Archive for October 28th, 2008

Voting 2008

28 October 2008

Monday morning I hosted an event for my mothers’ group. One of the other mommies, with a one-year-old and a three-year-old, said that afterwards, she was going to the community center just down the street from my house to vote. I had been planning on going that afternoon, too, so we popped down there together. A fun little expedition, we thought.

Cars lined the streets. Police directed traffic. I finally manufactured a spot for myself out in a field by a tree. The line reached all the way around the building. They told us it would be about three hours.

After two hours, we rounded the second corner of the building, and the kids got tired of the little bag of toys I’d brought. They started wandering around in the grass, inspecting ant hills and tossing pine needles. After three hours we were all pretty hungry, so we started working on our small store of rations. The three-year-old asked me, “So where is the boat? Is it inside?” When she found out we were going to vote, not ride a boat, she was nonplussed, though very curious about the prize Obama would get if he won. “A sticker?”

An hour later, having only moved about ten meters, we heard that the servers were up and down, causing the delay. The wind picked up. I promised another round of snacks once we rounded the corner, but we couldn’t wait that long; then we were out of food. A helicopter hovered above us. Two news vans parked nearby. Little Girl kept trying to hide from the rising wind and setting sun by burying herself in my shoulder, rousing herself at this point only to ask to use the potty. After the first hours in line we knew the people behind us pretty well (in fact they’d been pushing our strollers for us for a while as we sat with the kids on the hill beside the sidewalk) so they held our spots and we rounded the building to use the bathroom. It had no paper towels or toilet paper anymore. The vending machine was empty.

A little after five hours in line, the daddies came and got the children. Husband neglected to bring me food, but my friend let me have half her sandwich. We finally got to the front of the building after six hours. The sun was setting, and the wind was high. I had no socks, and was wearing a skirt, and I had not been so cold since I collected sap from trees along a creek in Massachusetts in the snow back in college. And I was starving. Little Girl was home having a warm dinner, a hot bath, and an early bedtime. I was jealous.
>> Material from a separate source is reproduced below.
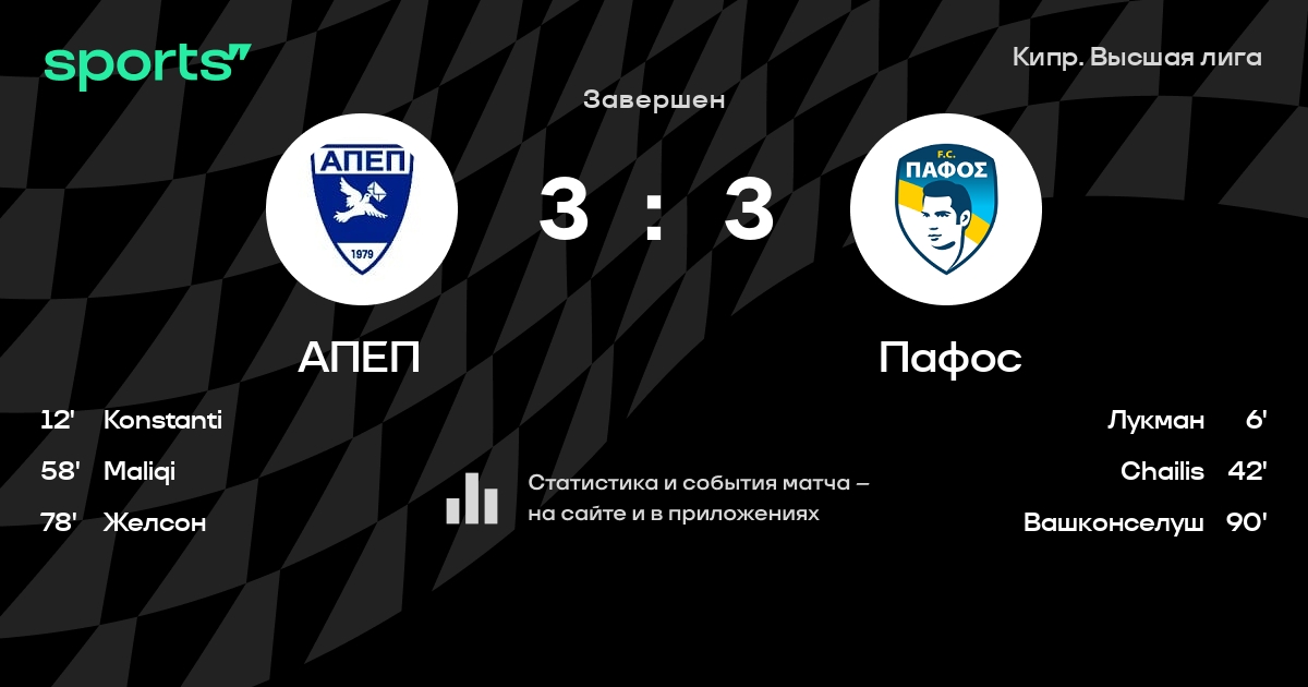 Николовски - Андерсон до О, Сичоне, Nunes Coelho, Demetriou, Мишаэлоф - Бесарес, Ba, Лукман - Chailis, Тикинью

The prize for reaching the front of the line was to have no people breaking the high wind in front of us, so we froze further, too cold and hungry and tired to talk, though we whooped a little when we were allowed, five at a time, into the building. We got in right before total darkness. The wait after that was another hour and a half. By the time it was my turn I was barely able to work the machine. I checked several times that I had voted according to my wishes, then cast my ballot, and hobbled over to get my sticker. Walking out of the building I saw a line that would last until one in the morning, filled with people huddled under blankets, hugging each other against the wind, occasionally calling out encouragements to one another about the possibility of the first black president.